DATA EXTRACTS
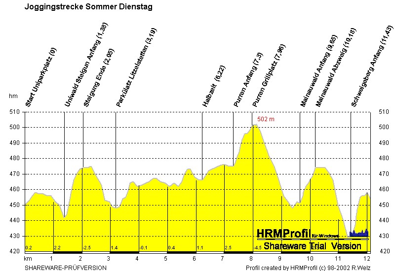 | Ziel Uniparkplatz (12,12) | 12.12 km | 453 m |
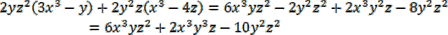 Pomnóż każdy wyraz znajdujący się w nawiasie przez jednomian stojący przy nim i zredukuj wyrazy podobne, czyli dodaj/odejmij jednomiany podobne.
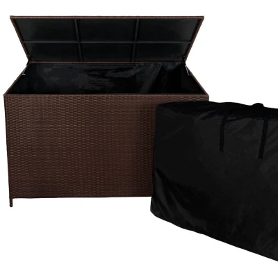 Elevate your outdoor haven with this practical yet stylish brown rattan garden storage box, offering both organization and elegance for your outdoor living space.
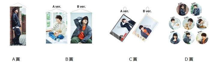 全身タペストリーやB2タペストリー、アクリルカード、缶バッジなどが揃い、賞品は先着順で終了となります。
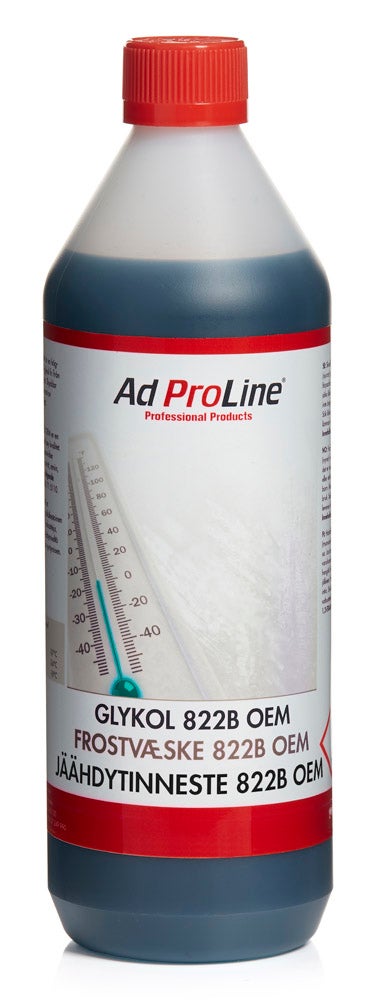 AdProLine® Glykol 822B OEM är en högkvalitativ longlife glykol. Utvecklad och formulerad för att klara de höga krav som ställs på en modern kylarglykol. Glykol 822B OEM är en specialglykol som uppfyller kraven i specifikation Peugeot-Citroën PSA B 71 5110. För bästa funktion rekommenderas spädning med avjoniserat eller destillerat vatten. För ett fullgott korrosionsskydd och minimera risken för utfällningar rekommenderas att endast använda Glykol 822B OEM. Glykol 822B OEM skyddar mot korrosion, frysning och kokning samt motverkar uppkomsten av kavitation.
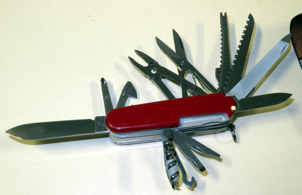 one of the largest Swiss Army knives I've seen; very nice; 1.25" thick and 3-5/8" long when folded
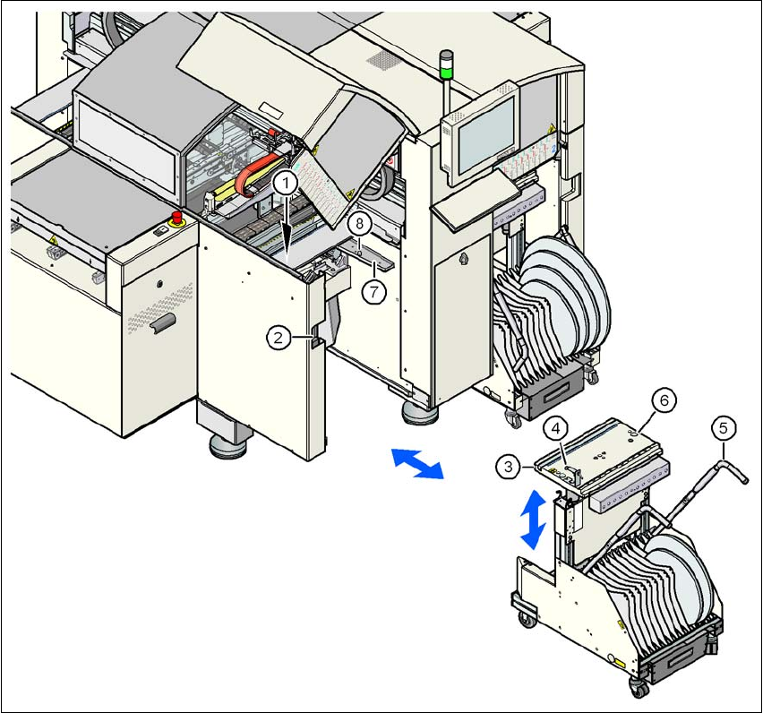 → 小心地将料车完全推入贴片机,直至挡杆处。
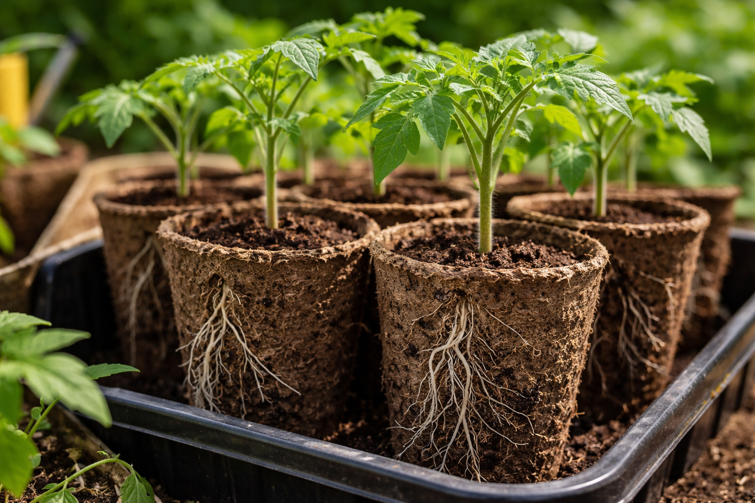 Tradicionalno sadike paradižnika gojijo v plastičnih kasetah, vendar ima ta metoda veliko skritih nevarnosti. Gladke, zrakotesne stene silijo korenine, da se spiralasto zvijajo in tako ustvarjajo tesen preplet. Ko je čas za sajenje, koreninski sistem je neizogibno travmatiziran. Stisnjena organska snov rešuje to težavo na temeljni ravni.

EXERCISE DIRECTIONS
Nothing but the lines from the one containing "Pomnóż każdy wyraz" through the one containing "AdProLine® Glykol 822B" should appear, copied exactly from the material above and without pictures.

OUTPUT FOR THIS TASK
 Pomnóż każdy wyraz znajdujący się w nawiasie przez jednomian stojący przy nim i zredukuj wyrazy podobne, czyli dodaj/odejmij jednomiany podobne.
 Elevate your outdoor haven with this practical yet stylish brown rattan garden storage box, offering both organization and elegance for your outdoor living space.
 全身タペストリーやB2タペストリー、アクリルカード、缶バッジなどが揃い、賞品は先着順で終了となります。
 AdProLine® Glykol 822B OEM är en högkvalitativ longlife glykol. Utvecklad och formulerad för att klara de höga krav som ställs på en modern kylarglykol. Glykol 822B OEM är en specialglykol som uppfyller kraven i specifikation Peugeot-Citroën PSA B 71 5110. För bästa funktion rekommenderas spädning med avjoniserat eller destillerat vatten. För ett fullgott korrosionsskydd och minimera risken för utfällningar rekommenderas att endast använda Glykol 822B OEM. Glykol 822B OEM skyddar mot korrosion, frysning och kokning samt motverkar uppkomsten av kavitation.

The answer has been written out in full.